Nils avait accéléré le pas, si bien que le vieux courtisan, grand et maigre, était obligé de trottiner derrière lui pour le suivre. Ses talons claquaient péniblement sur les dalles métalliques du corridor et les frous-frous de sa longue veste de soie frottaient à chaque instant son corps dégingandé. Ils traversèrent ainsi plusieurs salons, antichambres, bureaux et vestibules, sans ralentir l’allure. Childéric reprit, essouflé :

- Avez-vous su que mon jeune fils a obtenu son diplôme ? Vous devriez faire sa connaissance. Il pourrait vous aider d’une manière ou d’une autre. Il est très doué, je vous assure !

- Bien sûr, Childeric, bien sûr ! J’en serais absolument ravi…, fit Nils, un sourire narquois aux lèvres.

Arrivés à proximité du bureau du roi, tous deux traversèrent la foule de courtisans qui se pressait chaque jour aux portes de Magnus. Le grand vestibule d’albâtre, sorte de salle des pas perdus majestueuse, était peuplée de solliciteurs en tous genres dont Nils ne supportait pas la fréquentation. Tous étaient regroupés en petits cercles, chuchotant derrière les éventails et les sourires faux, sous la lumière des hautes fenêtres à meneaux d’où on apercevait les montagnes blanches, au loin. L’arrivée de Nils ne passa pas inaperçue.

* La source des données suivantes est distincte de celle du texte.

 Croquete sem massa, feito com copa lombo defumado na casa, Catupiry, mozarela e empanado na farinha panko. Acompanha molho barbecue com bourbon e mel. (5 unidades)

Comme il risquait d’être accaparé par l’un de ces rapaces charmants, il fit un effort considérable pour s’intéresser exclusivement à celui qui l’escortait si bruyamment, ignorant les autres.

- Childéric, dans quel domaine votre fils excelle-t-il ainsi ?

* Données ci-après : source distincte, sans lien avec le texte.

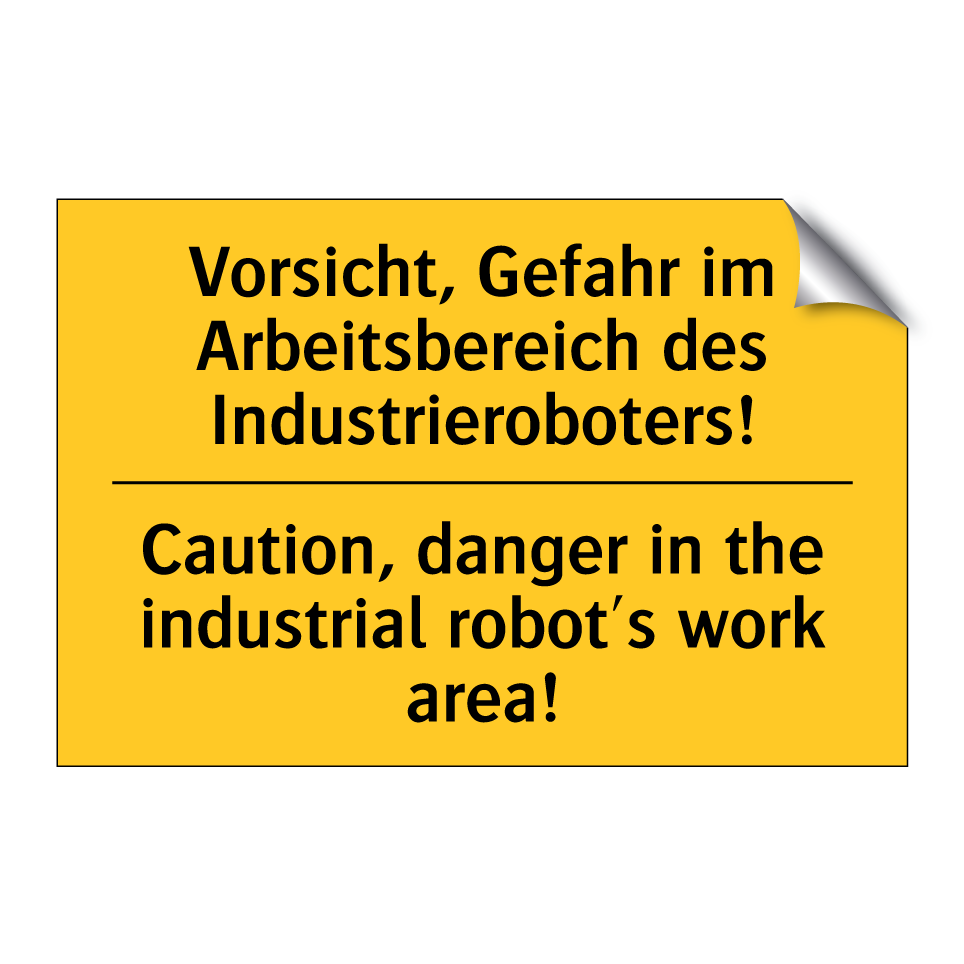 Zweisprachiges Warnschild mit deutschem Text Vorsicht, Gefahr im Arbeitsbereich des Industrieroboters! und englischem Text Caution, danger in the industrial robot's work area!

- Euh, eh bien… Il a étudié l’astronomie. Il est fasciné par les étoiles, et…

Excédé par les regards avides et les efforts qu’il avait dû produire pour se montrer aimable, Nils ne retint pas ses paroles acerbes :

- Oui, je vois ! Il pourrait m’être utile, si un jour, je décide de partir à la conquête des cieux… C’est d’ailleurs l’un de mes projets si je deviens roi !

Quelques courtisans alentour pouffèrent discrètement, mais s’éloignèrent vite de peur de subir, eux aussi, la mauvaise humeur du jeune prince.

- Oui, mon prince, c’est ce que je me disais aussi, bredouilla le pauvre Childéric, un peu confus.

Encore un qui essayait de se placer dans les bonnes grâces de Nils en vantant les mérites de ses proches. On tentait de lui faire épouser toutes les filles du royaume, on tentait de lui imposer tous les jeunes gens comme nouveaux meilleurs amis, comme conseillers exclusifs, sous tous les prétextes possibles. Cette vie était épuisante. Nils préférait en rire, et se moquait gentiment des solliciteurs, mais il devenait toujours plus amer. On commençait à fuir son cynisme. Indifférent aux regards, il brisa la foule à pas rapides, traversant sans s’arrêter le vaste vestibule de pierres claires et les rayons de lumière pâle.

Arrivé devant la porte blanche aux complexes arabesques dorées, Nils marqua un temps d’arrêt. Childeric le rejoignit, un peu essoufflé :

- Prince, vous êtes très sportif. Quel entrain !

Nils leva les yeux au ciel, frappa, puis poussa la porte.